-------- The data --------

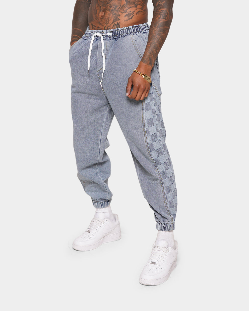 Elevate your 'fit with a fresh pair of jeans from XXIII. The Taamir Jeans are comfy as hell with their elasticated waistband and cuffs. Finished with a checked design imprinted on the sides and a stonewash.
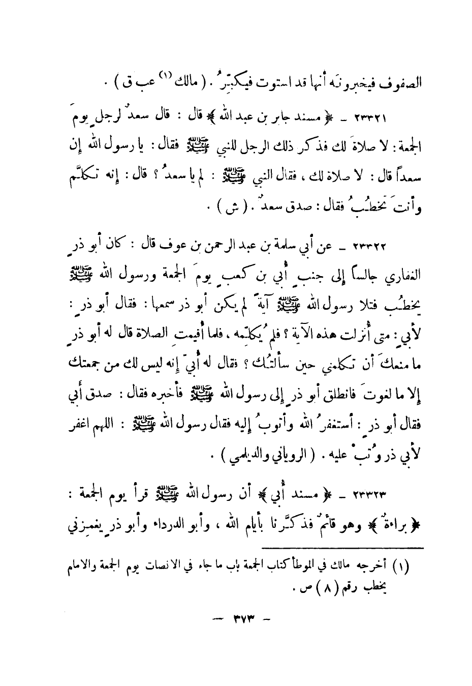 23322- عن أبي سلمة بن عبد الرحمن بن عوف قال: "كان أبو ذر الغفاري جالسا إلى جنب أبي بن كعب يوم الجمعة ورسول الله صلى الله عليه وسلم يخطب فتلا رسول الله صلى الله عليه وسلم آية لم يكن أبو ذر سمعها: فقال أبو ذر لأبي: متى أنزلت هذه الآية؟ فلم يكلمه، فلما أقيمت الصلاة قال له أبو ذر ما منعك أن تكلمني حين سألتك؟ فقال له أبي إنه ليس لك من جمعتك إلا ما لغوت فانطلق أبو ذر إلى رسول الله صلى الله عليه وسلم فأخبره فقال: صدق أبي فقال أبو ذر: أستغفر الله وأتوب إليه فقال رسول الله صلى الله عليه وسلم: اللهم اغفر لأبي ذر وتب عليه". (الروياني والديلمي) .
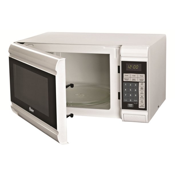 - COMPACT-SIZE MICROWAVE OVEN: The Oster 0.9-cu. ft. countertop microwave oven features 900 watts of power and 10 power levels for no-hassle heating, reheating, and defrosting of food.
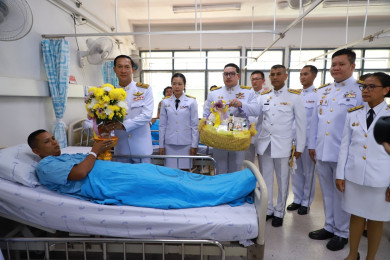 ในหลวงโปรดเกล้าฯรองผู้ว่าฯยะลาเชิญดอกไม้และตะกร้าสิ่งของพระราชทานมอบแก่จนท.ที่ได้รับบาดเจ็บจากคนร้ายลอบวางระเบิด
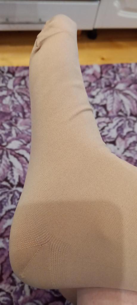 Длинна хорошая на длинные ноги. Отличный след на стопу 24.5-25см. Мои размеры 24 42 64, высота 80см. Недостаток что в голеностопе компрессия недостаточная, а в колене и бедре сильная. Такое чувство что не правильно распределена. На фото видно что по стопе и голеностопе свободно. На попке предусмотрен объем, поэтому не плющит. Ластовица не стандартная, широкая, поэтому на бедре видно что пережимает и не тянется из-за шва. Посадка на уровне талии. Трикотаж рыхлый. Все качества сравниваю с венотекс и меди. К этим надо приспособиться и самой распределить трикотаж по ноге, иначе пережмет в паху и будет трындец. Оценку снизила за качество трикотажа и ластовица, если её делать ниже чтобы не давила, то и колготки на поясе скатываются до пупа. Мне надо чтобы сидели чётко на талии, а если ниже, то это не мой вариант ношения изделия.
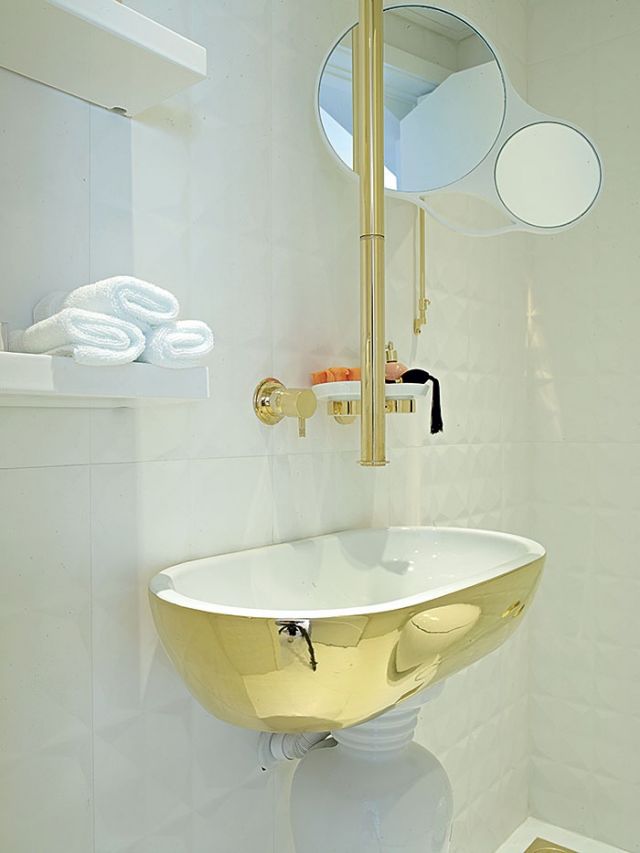 وقبل الانتقال إلى جناح غرف النوم، يستوقفنا حمام الضيوف الناصع البياض، ذات المغسلة المذهّبة حيث تنساب المياه بقسطل مذهّب أيضاً من السقف.
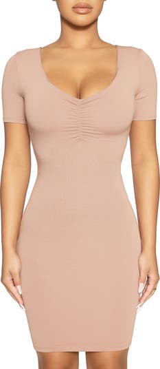 A ruched bust enhances the allure of a short-sleeve minidress constructed from midweight crepe in a body-con silhouette with comfortable stretch.
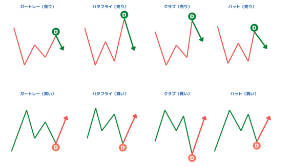 バタフライと同様の「拡張」パターンですが、D点が最も鋭く、大きく伸びるのが特徴です。強力な反転サインとなることがあります。
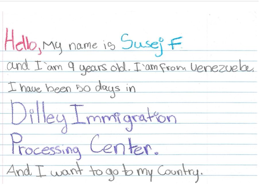 Entre ellas se encontraba una carta de una niña venezolana de 9 años, llamada Susej Fernández, que vivía en Houston cuando ella y su madre fueron detenidas. «Llevo 50 días en el Centro de Procesamiento de Inmigración de Dilley», escribió. «Ver cómo tratan a personas como yo, inmigrantes, ha cambiado mi perspectiva sobre Estados Unidos. Mi madre y yo vinimos a Estados Unidos buscando un lugar bueno y seguro para vivir».
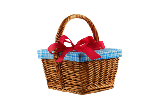 Wicker Picnic Basket with Blue Plaid Lid and Red Ribbon Bow, isolated on white transparent background
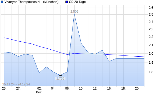 Mit dem Anstieg auf 1,97 EUR hat die Vivoryon Therapeutics-Aktie am 23.12.2024 die 20-Tage-Linie nach oben gekreuzt.
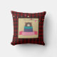 Este travesseiro de padrão de xadrez de búfalo apresenta um urso marrom giro, luzes e um campo de texto para você adicionar um nome ou saudação. Um presente de decoração ideal para uma criança ou outra.
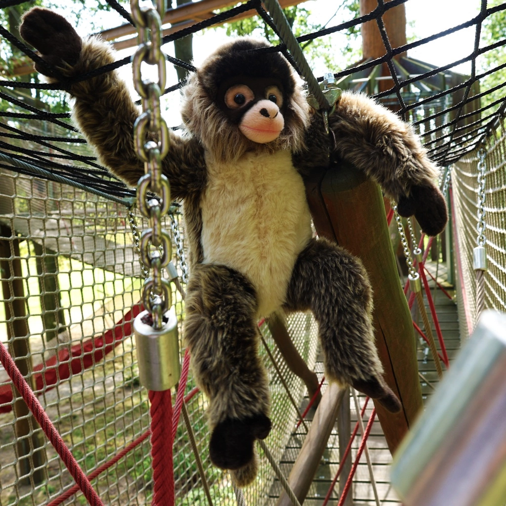 El mono de peluche está fabricado con atención al detalle, reproduciendo el aspecto de un mono real.
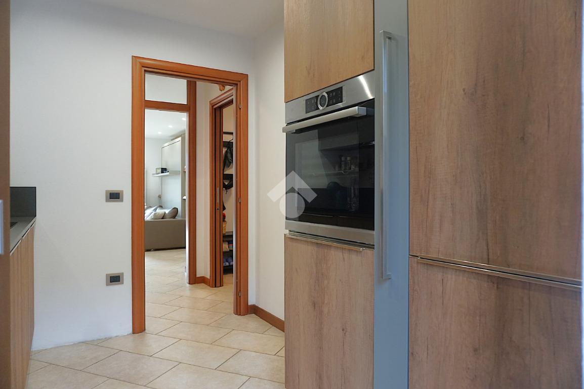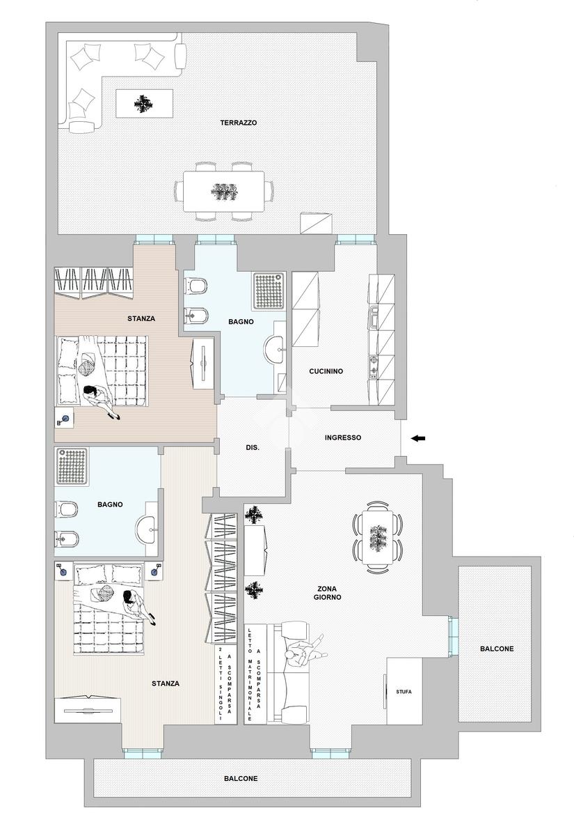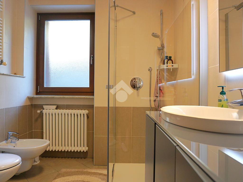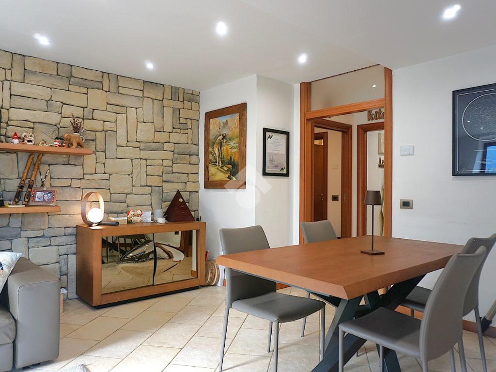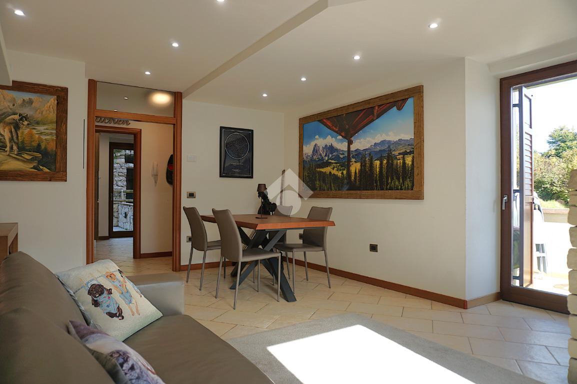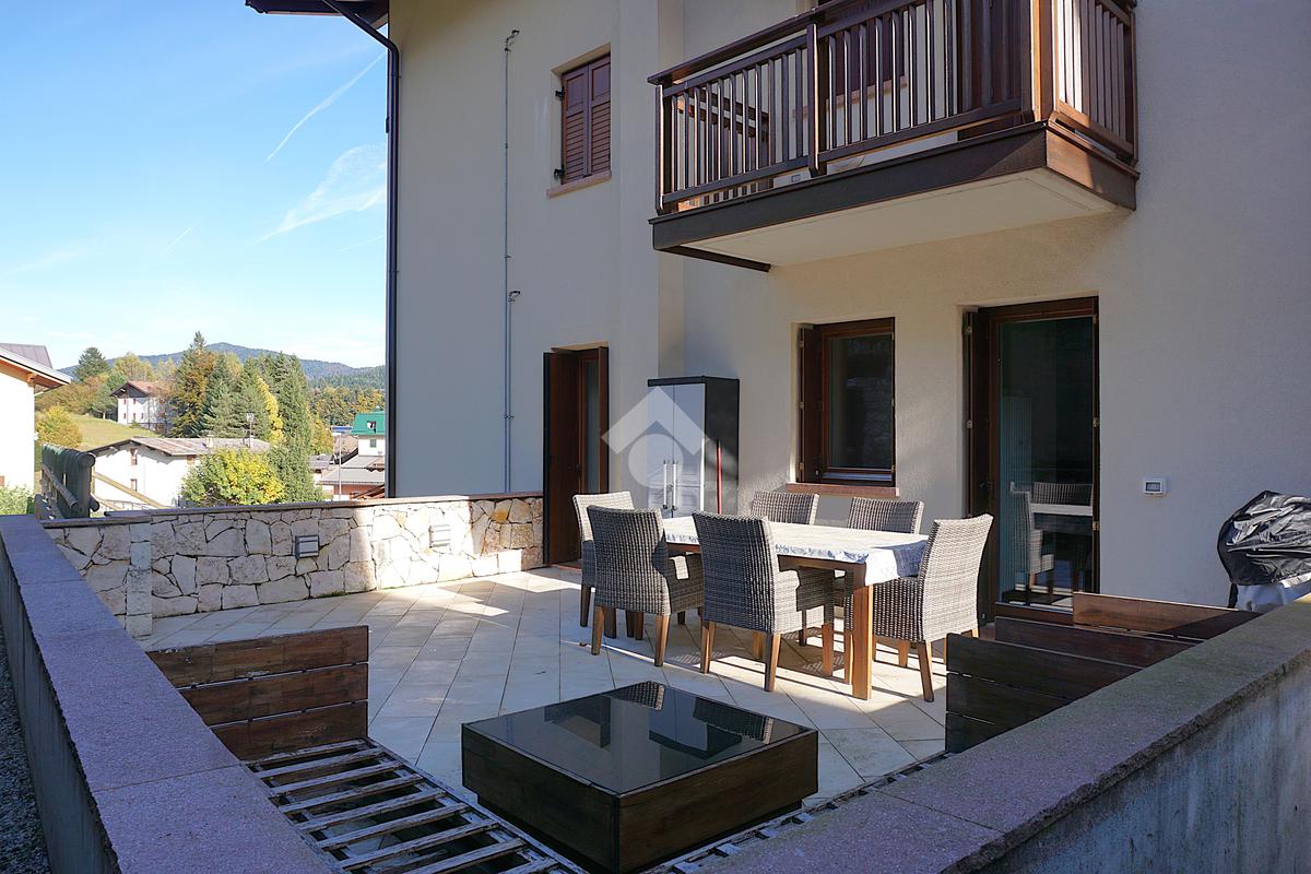 In zona riservata e panoramica, prestigioso primo piano libero su tre lati, composto da ingresso, ampia zona giorno, cucinotto, doppi servizi, due camere, disimpegno, due balconi e terrazzo di oltre 30 mq; completo di cantina e due posti auto esterni di proprietà. Riscaldamento termoautonomo a gas metano. Comodo ai servizi, a due passi dal parco e dal centro sportivo. Ottima vista sulla Paganella e sul paese. Finemente arredato.
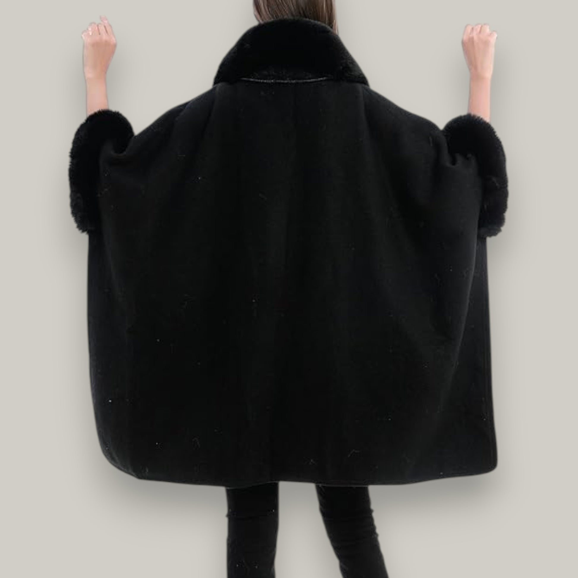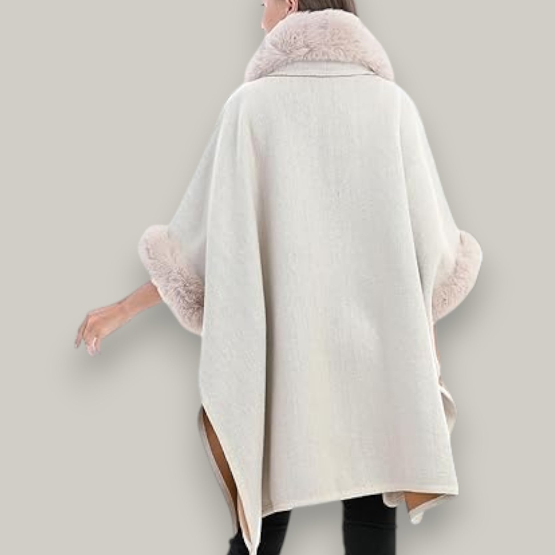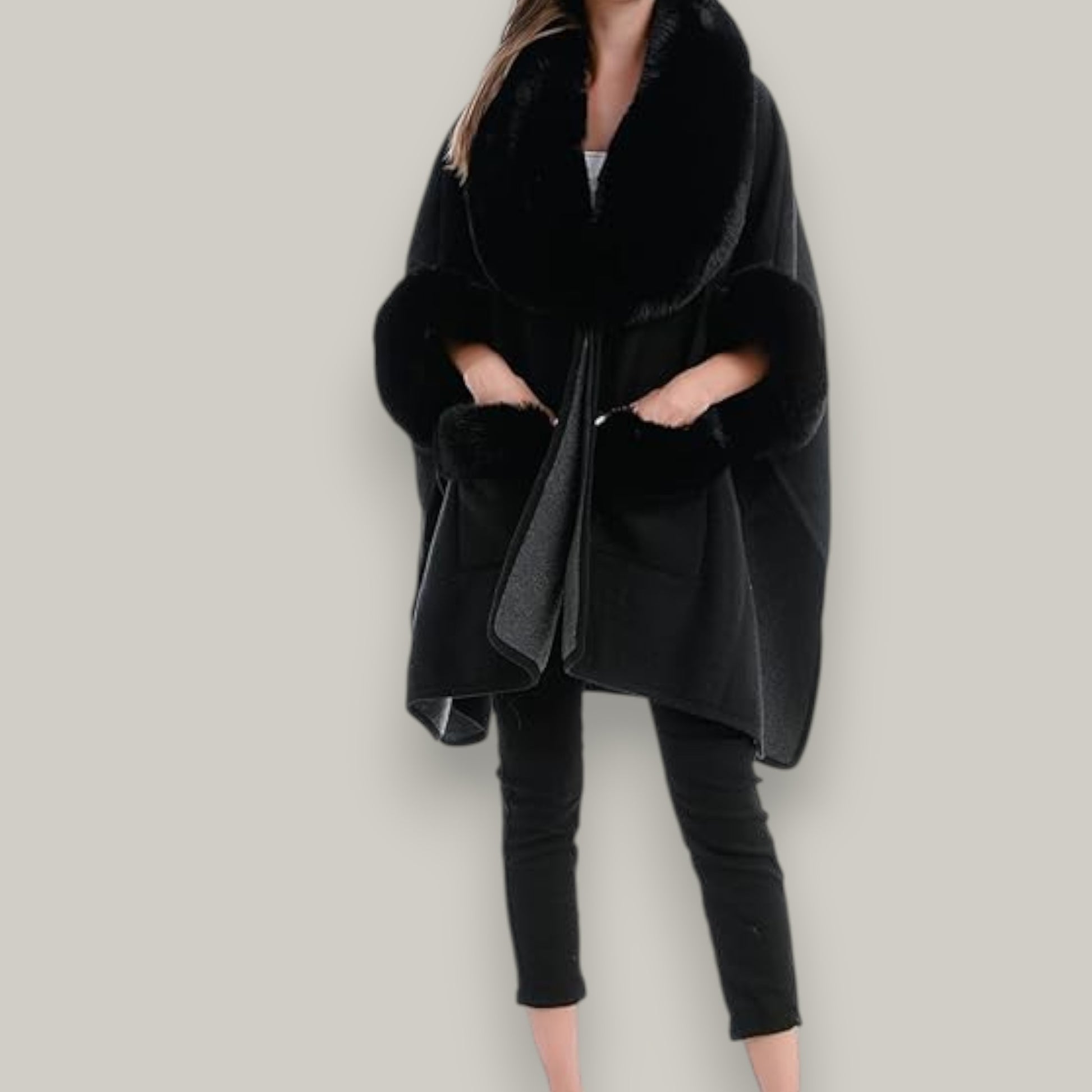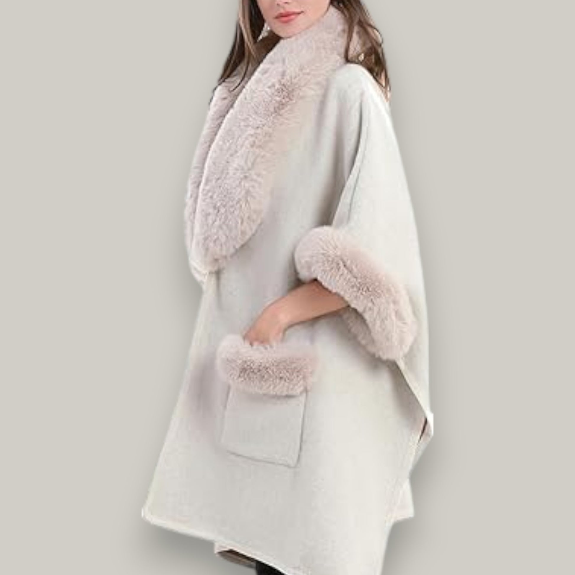 Wrap yourself in cozy elegance with the Belle Dame Faux Fur Poncho Cape. Its soft, draped design offers warmth and style in one, featuring a plush faux fur shawl collar and cuffs that feel like a gentle hug. The open front with a hidden hook-and-eye closure keeps it secure, while two furry-trimmed pockets add playful charm and handy storage. Perfect for chic winter days when you want to stay warm and turn heads effortlessly. Material is 50% acrylic, 50% polyester.

--------

Apart from the pictures, return every entry above exactly as given.

 Elevate your 'fit with a fresh pair of jeans from XXIII. The Taamir Jeans are comfy as hell with their elasticated waistband and cuffs. Finished with a checked design imprinted on the sides and a stonewash.
 23322- عن أبي سلمة بن عبد الرحمن بن عوف قال: "كان أبو ذر الغفاري جالسا إلى جنب أبي بن كعب يوم الجمعة ورسول الله صلى الله عليه وسلم يخطب فتلا رسول الله صلى الله عليه وسلم آية لم يكن أبو ذر سمعها: فقال أبو ذر لأبي: متى أنزلت هذه الآية؟ فلم يكلمه، فلما أقيمت الصلاة قال له أبو ذر ما منعك أن تكلمني حين سألتك؟ فقال له أبي إنه ليس لك من جمعتك إلا ما لغوت فانطلق أبو ذر إلى رسول الله صلى الله عليه وسلم فأخبره فقال: صدق أبي فقال أبو ذر: أستغفر الله وأتوب إليه فقال رسول الله صلى الله عليه وسلم: اللهم اغفر لأبي ذر وتب عليه". (الروياني والديلمي) .
 - COMPACT-SIZE MICROWAVE OVEN: The Oster 0.9-cu. ft. countertop microwave oven features 900 watts of power and 10 power levels for no-hassle heating, reheating, and defrosting of food.
 ในหลวงโปรดเกล้าฯรองผู้ว่าฯยะลาเชิญดอกไม้และตะกร้าสิ่งของพระราชทานมอบแก่จนท.ที่ได้รับบาดเจ็บจากคนร้ายลอบวางระเบิด
 Длинна хорошая на длинные ноги. Отличный след на стопу 24.5-25см. Мои размеры 24 42 64, высота 80см. Недостаток что в голеностопе компрессия недостаточная, а в колене и бедре сильная. Такое чувство что не правильно распределена. На фото видно что по стопе и голеностопе свободно. На попке предусмотрен объем, поэтому не плющит. Ластовица не стандартная, широкая, поэтому на бедре видно что пережимает и не тянется из-за шва. Посадка на уровне талии. Трикотаж рыхлый. Все качества сравниваю с венотекс и меди. К этим надо приспособиться и самой распределить трикотаж по ноге, иначе пережмет в паху и будет трындец. Оценку снизила за качество трикотажа и ластовица, если её делать ниже чтобы не давила, то и колготки на поясе скатываются до пупа. Мне надо чтобы сидели чётко на талии, а если ниже, то это не мой вариант ношения изделия.
 وقبل الانتقال إلى جناح غرف النوم، يستوقفنا حمام الضيوف الناصع البياض، ذات المغسلة المذهّبة حيث تنساب المياه بقسطل مذهّب أيضاً من السقف.
 A ruched bust enhances the allure of a short-sleeve minidress constructed from midweight crepe in a body-con silhouette with comfortable stretch.
 バタフライと同様の「拡張」パターンですが、D点が最も鋭く、大きく伸びるのが特徴です。強力な反転サインとなることがあります。
 Entre ellas se encontraba una carta de una niña venezolana de 9 años, llamada Susej Fernández, que vivía en Houston cuando ella y su madre fueron detenidas. «Llevo 50 días en el Centro de Procesamiento de Inmigración de Dilley», escribió. «Ver cómo tratan a personas como yo, inmigrantes, ha cambiado mi perspectiva sobre Estados Unidos. Mi madre y yo vinimos a Estados Unidos buscando un lugar bueno y seguro para vivir».
 Wicker Picnic Basket with Blue Plaid Lid and Red Ribbon Bow, isolated on white transparent background
 Mit dem Anstieg auf 1,97 EUR hat die Vivoryon Therapeutics-Aktie am 23.12.2024 die 20-Tage-Linie nach oben gekreuzt.
 Este travesseiro de padrão de xadrez de búfalo apresenta um urso marrom giro, luzes e um campo de texto para você adicionar um nome ou saudação. Um presente de decoração ideal para uma criança ou outra.
 El mono de peluche está fabricado con atención al detalle, reproduciendo el aspecto de un mono real.
 In zona riservata e panoramica, prestigioso primo piano libero su tre lati, composto da ingresso, ampia zona giorno, cucinotto, doppi servizi, due camere, disimpegno, due balconi e terrazzo di oltre 30 mq; completo di cantina e due posti auto esterni di proprietà. Riscaldamento termoautonomo a gas metano. Comodo ai servizi, a due passi dal parco e dal centro sportivo. Ottima vista sulla Paganella e sul paese. Finemente arredato.
 Wrap yourself in cozy elegance with the Belle Dame Faux Fur Poncho Cape. Its soft, draped design offers warmth and style in one, featuring a plush faux fur shawl collar and cuffs that feel like a gentle hug. The open front with a hidden hook-and-eye closure keeps it secure, while two furry-trimmed pockets add playful charm and handy storage. Perfect for chic winter days when you want to stay warm and turn heads effortlessly. Material is 50% acrylic, 50% polyester.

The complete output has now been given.